On 02.03.2026 we present the 45th session of our online lecture series with a contribution of
Simon Moramarco
(Université Paul-Valéry de Montpellier)
Transportation, commercialization and diffusion of works of art and art craft objects during the Roman era (2nd century BC – 5th century AD) in southern Gaul
Abstract:
At the end of the Second Punic War, the defeat of the Carthaginians allowed Rome to expand and establish a hegemonic position in the Mediterranean. The conquest of Hellenistic Greece from the 2nd century BCE gave generals and their armies the opportunity to plunder cities and sanctuaries (Corinth, Athens, etc.) and bring back spoils that included works of art and art craft objects, thus giving rise to a new trade: the «art market». By «works of art and art objects», we must understand finished products that were traded and whose main added value lay in specific craftsmanship and skills: an ars, which in ancient Rome pertained as much to art as to craftsmanship. The influx of spoils, transferred to Italy and displayed during triumphal ceremonies, revealed a strong taste for Greek art among members of the Roman aristocracy. The ever-growing appetite for these pieces among these elites did not stop at spoils, and commissions from the so-called «Neo-Attic» workshops, emerging between 170 and 160 BCE, increased, marking the birth of this new market.
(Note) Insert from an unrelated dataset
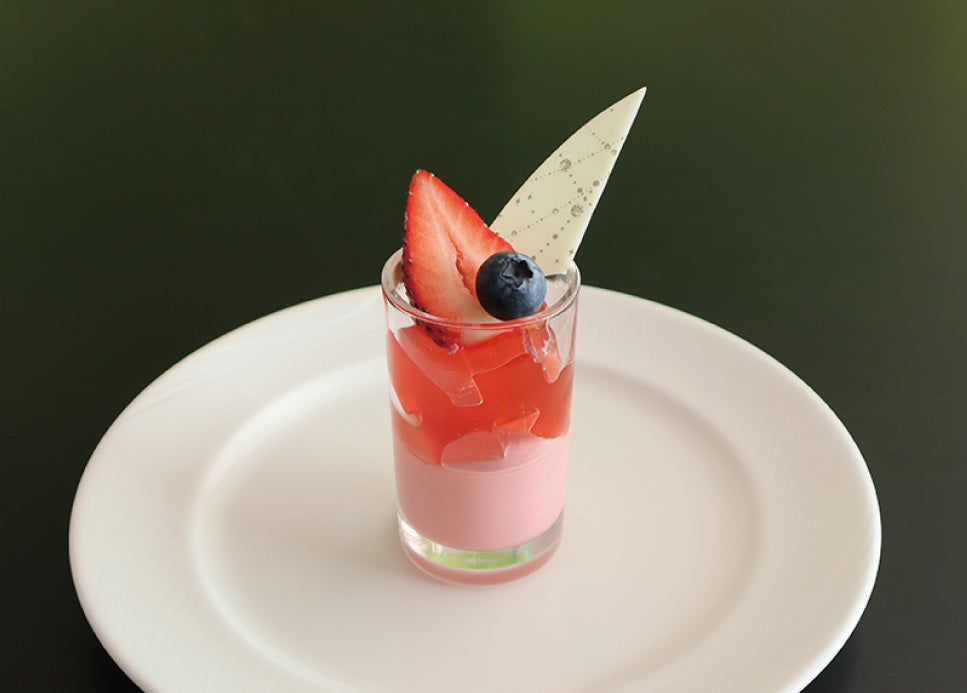 見た目も可愛い“苺のデクリネゾン”の生の苺には和歌山県産「まりひめ」を使用しており、口の中で春の香りを味わうことができます。苺のピスタチオのパフェ、苺タルトや苺のムースリーヌとゼリーのグラスなどのスイーツがワンプレートでお楽しみいただけます。

During Antiquity, the most commonly used means of transportation remained navigation, whether by river or sea. The numerous submerged discoveries, made possible by the development of underwater and subaquatic archaeology, atest to the intensity of commercial traffic by waterway. On the coast of southern Gaul, several sites have revealed elements that we consider to be works of art or art craft objects. Protected from excessive human presence until the second half of the 20th century, coastal, lake, river, and underwater sites along this coast are now falling victim to it. This work aims to place them in their context by combining underwater archaeology, art history, and economic history.